As you can read in the excerpt below, Metzinger speaks about our inability to recognize the unconscious mental models that determine how we experience reality. In his book, The Ego Tunnel, which I've read and enjoyed, Metzinger speaks of the walls of the tunnel as being transparent to us.
Further, he says in the book, "Although our brains create the Ego Tunnel, no one lives in this tunnel. We live with it and through it, but there is no little man running things inside our head. The Ego and the Tunnel are evolved representational phenomena, a result of dynamical self-organization on many levels."
Here's the excerpt from The New Yorker article:
In a Frankfurt cake shop—“They say this is where Adorno took the women he seduced; many historical conversations happened here!”—Metzinger teased out the implications of this view of existence. “Do you know what an ‘illusion of control’ is?” he asked, mischievously. “If people are asked to throw dice, and their task is to throw a high number, they throw the dice harder!” He believes that many experiences of being in control are similarly illusory, including experiences in which we seem to control our own minds. Brain imaging, for example, shows that our thoughts begin before we’re aware of having them.

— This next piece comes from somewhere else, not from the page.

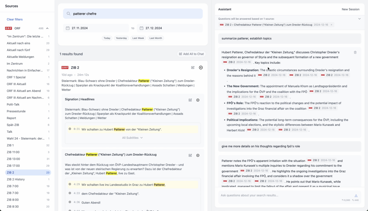 WaveMind: I started scraping Austrian audio news sources and transcribing them with AI. It began with Falter Radio, where I transcribed all 437 episodes going back to 2023. Then I added Ö1 Journale, ORF TV news, Dunkelkammer, and some other podcasts. Everything is searchable on transcript level, behind closed doors. Closed doors because I don't want to get sued by the biggest Austrian broadcaster. It's not just a transcript search engine. It also allows you to stuff search results into the context of Gemini and then interrogate the transcripts via LLM. I did give access to a couple of journalists. They found it mildly useful.

But, Metzinger said, “if a thought crosses the boundary from unconsciousness to consciousness, we feel, ‘I caused this thought.’ ” The sensation of causing our own thoughts is also just another feature of the self-model—a phantom sensation conjured when a readout, labelled “thinking,” switches from “off” to “on.” If you suffer from schizophrenia, this readout may be deactivated inappropriately, and you may feel that someone else is causing your thoughts. “The mind has to explain to itself how it works,” he said, spreading his hands.
Lately, Metzinger has been thinking about his own experience as a meditator. At the center of the meditative experience is the exercise and cultivation of mental autonomy: when the meditator’s mind wanders, he notices and arrests that process, gently returning his mental focus to his breath. “The mind says, ‘I am now re-directing the flashlight of my attention to this,’ ” Metzinger said. “But the thought ‘I am redirecting my mind-wandering’ might itself be another inner story.” He leaned back in his chair and laughed. “It might be that the spiritual endeavor for liberation or detachment can lead to new illusions.”
He looked at me reassuringly. “This doesn’t mean that nothing is real,” he said. “It doesn’t mean that this is the Matrix—the simulation is running on some hardware. But it does mean that you are not the model. You are the whole system—the physical, biological organism in which the self-model is rendered, including its body, its social relationships, and its brain. The model is just a part of that system.” The “I” we experience is smaller than, and different from, the totality of who and what we are.
It turns out that we do, in this sense, possess subtle bodies; we also inhabit subtle selves. While a person exists, he feels that he knows the world and himself directly. In fact, he experiences a model of the world and inhabits a model of himself. These models are maintained by the mind in such a way that their constructed nature is invisible. But it can sometimes be made visible, and then—to a degree—the models can be changed.
Something about this discovery is deflating: it turns out that we are less substantial than we thought. Yet it can also be invigorating to understand the constructed, provisional nature of experience. Our perceptions of the world and the self feel real—how could they feel otherwise?—but we can come to understand our own role in the creation of their apparent realness. “The compensation of growing old,” Virginia Woolf writes, in “Mrs. Dalloway,” is that, while “the passions remain as strong as ever,” we gain “the power which adds the supreme flavour to existence,—the power of taking hold of experience, of turning it around, slowly, in the light.”